Pourquoi un livre sur Cláudio Manuel da Costa ?
C’était un homme divisé, déchiré ; il s’est rendu compte que ce qu’il était et ce qu’il faisait n’était pas en accord avec le monde du royaume, et en même temps il n’a pas réussi à dépasser cela. Donc je pense qu’il est très typique du monde luso-brésilien d’avant l’indépendance, quand on n’était ni une chose ni une autre. Dans ses écrits personnels, il écrit dans une phrase que même s’il a dit tout ce qu’il a dit, il ne pense pas que les délateurs soient meilleurs que ceux qui ont lutté et que les dénoncés. Il dit : « j’ai dénoncé, mais je suis plus mesquin et plus petit que ceux qui ont conspiré contre le roi ». C’est un des éléments qui me permettent de croire qu’il s’est tué par dégoût de ce qu’il avait fait. Ça a été également important de revoir l’Inconfidência Mineira [N. de trad. : révolte avortée de 1789 contre la domination portugaise et l’exploitation des richesses naturelles du pays par la métropole] et la manière dont à la fin ils se sont servis du frein à main. Ils ne voulaient plus. Mais le mouvement s’acheminait vers une dissémination plus généralisée et vers un plus grand radicalisme que celui du début. Pendant des années, ils ont répété au gouverneur : « Ah, mon Dieu ça pourrait être mieux. Et si on avait plus de représentativité ? Et si les luso-brésiliens étaient plus écoutés ? ». Et les gouverneurs de répondre : « Oui, je pense que vous avez raison ». Et aussitôt après ces gouverneurs écrivaient au Conseil d’Outremer : « Écoutez, vous voyez les choses de loin, ici ce n’est pas comme vous le pensez, moi qui suis ici je vois qu’on ne peut pas appliquer les choses de la manière que vous préconisez ». Par conséquent, la tentative de flexibilité pour maintenir la domination coloniale s’est produite conjointement avec un désir de participation soft des élites. Et c’est dans cette conjoncture, quand est remplacé le gouverneur en 1784, que ce groupe différencié décide de voir s’il est réellement possible de changer, voire même d’aboutir à l’indépendance. Je pense qu’au milieu du processus la question embraye sur un autre type de mouvement, plus contestataire, à caractère plus populaire, plus revendicateur, et alors les hommes de lettres tirent le frein à main.

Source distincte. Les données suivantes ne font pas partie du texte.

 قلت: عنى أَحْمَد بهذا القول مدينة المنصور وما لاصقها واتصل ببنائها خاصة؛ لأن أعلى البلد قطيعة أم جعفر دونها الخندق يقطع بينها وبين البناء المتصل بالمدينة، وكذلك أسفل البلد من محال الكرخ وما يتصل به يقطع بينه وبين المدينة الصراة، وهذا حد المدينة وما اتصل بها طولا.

Et la figure de Tiradentes ?
Si quelqu’un est à juste titre héros de la République, je crois que c’est bien Tiradentes [Note de trad. : activiste politique brésilien du XVIIIe]. Je pense que c’était vraiment un agitateur, un agitateur politique. Irresponsable, halluciné comme tout agitateur politique. C’était un agitateur politique qui a commencé à croire que la chose pouvait vraiment s’enclencher, devenir un mouvement d’émancipation, du moins dans la région. À l’heure actuelle, plusieurs études suggèrent qu’il y aurait eu une tentative d’organisation entre les États de São Paulo, Rio de Janeiro et Minas Gerais, que les élites tentaient de défendre les intérêts économiques de ces trois régions, qu’ils étaient très intéressés.

Vous dites que vous vivez entre les XVIe et XVIIIe siècle. Mais quelle est votre vision du Brésil d’aujourd’hui ?

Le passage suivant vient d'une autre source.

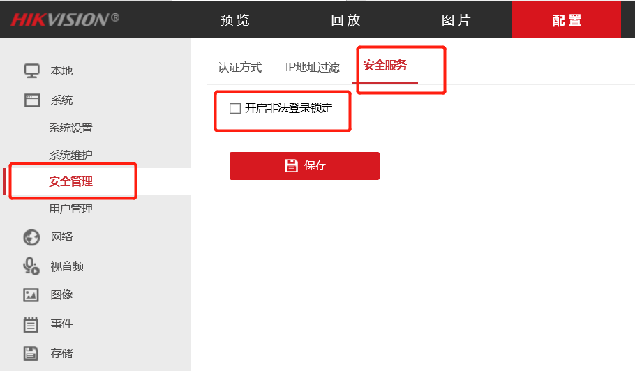 登錄海康相機web界面,配置---系統---安全管理---安全服務,關閉非法登錄鎖定功能,點擊“保存”;

J’ai une vision très positive du Brésil d’aujourd’hui, et je pense qu’on a toutes les raisons de l’être parce que nous sommes le seul pays d’Amérique à disposer d’un projet spécifique. Même si la presse a coutume de dire que nous sommes toujours au bord du précipice et que personne n’a de projet, je pense que les présidents Fernando Henrique Cardoso et Lula ont développé des gouvernements très importants. Je pense que tout a commencé sous le gouvernement de Fernando H. Cardoso, qui est un homme respecté, un grand intellectuel à un moment d’immense médiocrité internationale. Si on se met à penser qui sont les dirigeants politiques dans le monde, on l’emporte, que ce soit avec F. H. Cardoso, avec Lula ou avec Dilma Rousseff. Mais les problèmes du Brésil restent les mêmes. À une échelle moindre maintenant c’est la répartition du revenu et l’éducation. Le défi de l’éducation, d’une éducation publique de qualité du primaire et du collège, je pense que c’est le plus grand défi du Brésil. Parce qu’aujourd’hui, quoi qu’il en soit, nous disposons d’un réseau universitaire compétent. Le défi des prochaines années c’est l’éducation. Parce que je pense que même la santé est un prolongement de l’éducation ; et si l’éducation s’enclenche, la santé va suivre. Cependant il y a la question de la répartition des revenus. Et sur ce point on en revient à la question des élites brésiliennes. Il faut une plus grande motivation, une plus grande participation, mais malheureusement nous n’avons plus de grandes figures publiques. Les grandes causes, les grandes bannières, manquent. Mais je reste optimiste en ce qui concerne le Brésil et pessimiste par rapport au monde parce que je pense que le monde va finir. Dans ce monde qui est là, je vois le Brésil avec optimisme.